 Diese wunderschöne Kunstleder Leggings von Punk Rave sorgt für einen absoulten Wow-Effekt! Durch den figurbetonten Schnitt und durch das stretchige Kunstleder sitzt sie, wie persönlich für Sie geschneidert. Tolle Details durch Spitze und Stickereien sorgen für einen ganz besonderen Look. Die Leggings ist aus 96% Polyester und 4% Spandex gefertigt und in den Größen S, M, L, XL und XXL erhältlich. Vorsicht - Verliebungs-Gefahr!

--

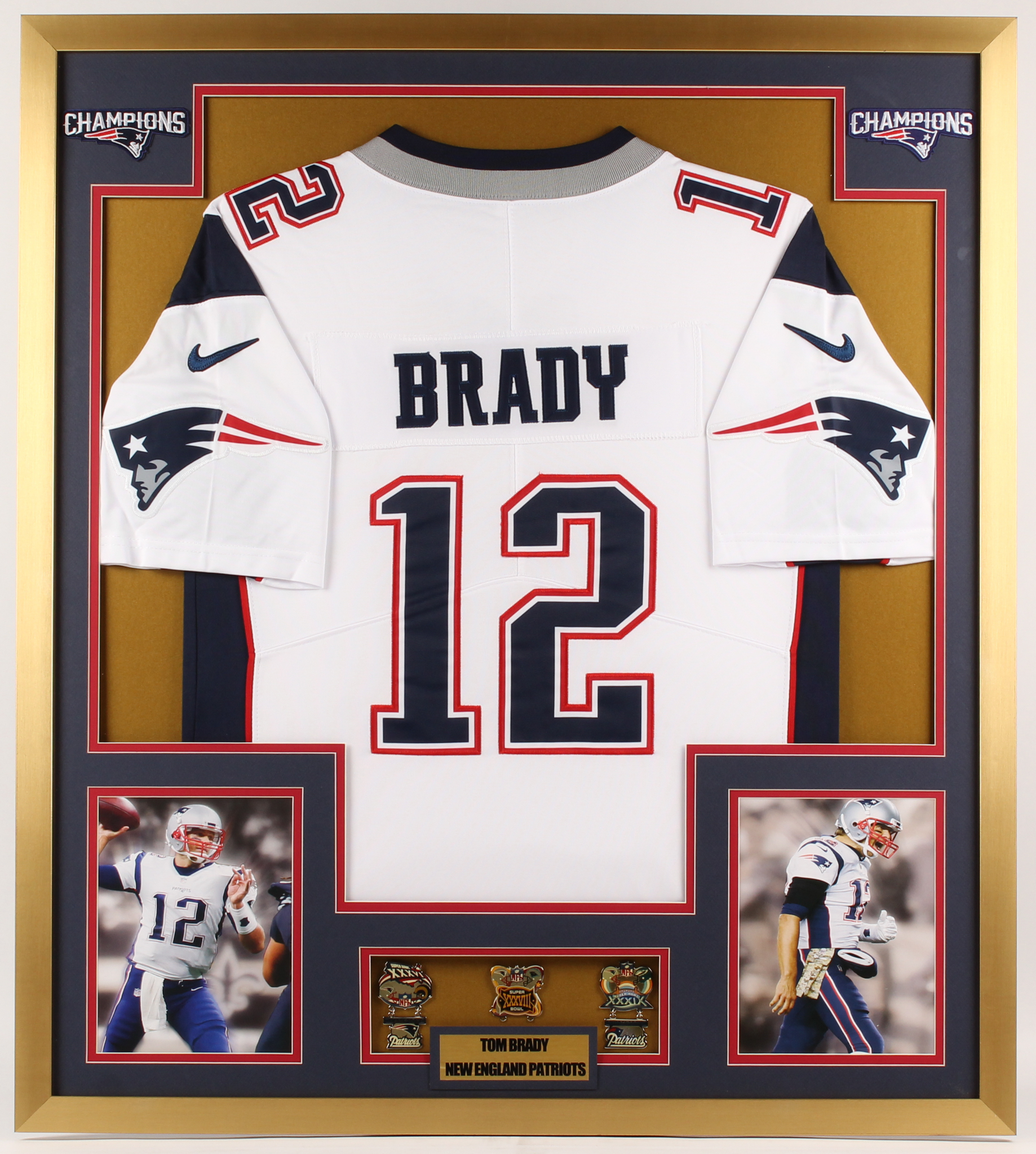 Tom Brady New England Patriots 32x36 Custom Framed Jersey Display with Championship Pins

...

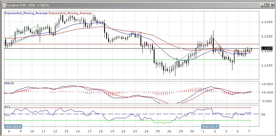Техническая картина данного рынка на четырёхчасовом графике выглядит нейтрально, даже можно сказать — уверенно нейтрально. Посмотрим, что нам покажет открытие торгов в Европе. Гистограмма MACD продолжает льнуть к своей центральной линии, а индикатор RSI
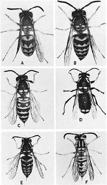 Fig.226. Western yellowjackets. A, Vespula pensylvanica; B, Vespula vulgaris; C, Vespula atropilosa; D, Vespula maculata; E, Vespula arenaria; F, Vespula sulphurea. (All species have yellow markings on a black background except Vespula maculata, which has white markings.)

● Exercise: Excerpt from the records above: set down only the lines from the one that contains "Техническая картина данного" through the one that contains "Fig.226. Western yellowjackets.", inclusive, word for word. Pictures stay out.

● Written reply:
Техническая картина данного рынка на четырёхчасовом графике выглядит нейтрально, даже можно сказать — уверенно нейтрально. Посмотрим, что нам покажет открытие торгов в Европе. Гистограмма MACD продолжает льнуть к своей центральной линии, а индикатор RSI
 Fig.226. Western yellowjackets. A, Vespula pensylvanica; B, Vespula vulgaris; C, Vespula atropilosa; D, Vespula maculata; E, Vespula arenaria; F, Vespula sulphurea. (All species have yellow markings on a black background except Vespula maculata, which has white markings.)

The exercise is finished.